ReLondon’s circular economy experiment
ReLondon’s High Street Initiative exemplifies modern regeneration. Beginning in 2025, the program provided small grants starting at £2,500 to independent retailers to implement waste-reducing strategies. Outcomes were immediate:
Business growth: 94 per cent of participating shops reported increased footfall.
Sector innovation: Fashion retailers added repair services via SOJO and take-back schemes.
Community impact: Monthly engagement exceeded 27,000 customers, cementing the high street as a service hub rather than just a product warehouse.
This shows that circular economy services that include resale, repair, and rental are not optional extras but critical drivers of both footfall and loyalty.

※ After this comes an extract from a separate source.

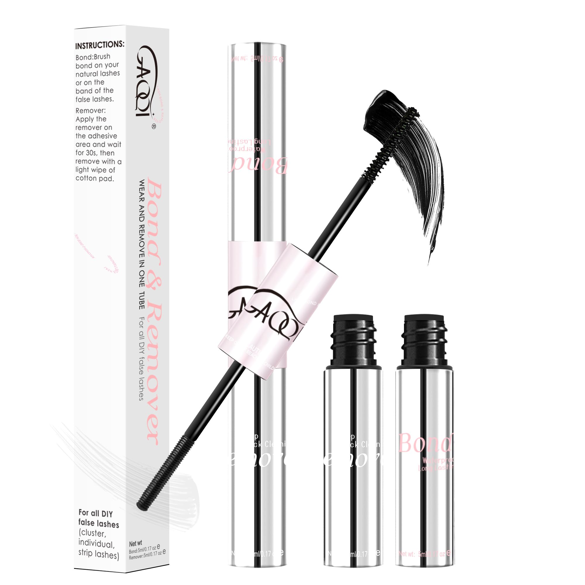 GAQQI Pegamento y removedor de pestañas 2 en 1, pegamento de racimo de pestañas impermeable y removedor de pestañas, pegamento de

The £600 million tax hurdle
High street survival is closely tied to fiscal policy. From April 2026, a new business rates surcharge on properties valued above £500,000 will impose a £600 million burden on major retailers. This large-store tax disproportionately affects anchor stores such as River Island, which plans to close 32 stores by early 2026. While 280,000 smaller properties may benefit from reduced rates, analysts warn that the loss of major brands risks creating footfall gaps. The opportunity now lies in hyper-local retail, where community-oriented, sustainable brands command premium loyalty.
The British high street remains the backbone of local retail, offering apparel and essential services across hubs including London, Manchester, and Edinburgh. After decades of ceding ground to out-of-town malls, high streets are now focusing on experience-led growth and circular economy services. 2026 projections suggest modest overall market growth of 0.9 per cent as retailers optimize physical footprints, proving that when the high street becomes a destination for community and engagement, it can remain relevanteven in an age of online dominance.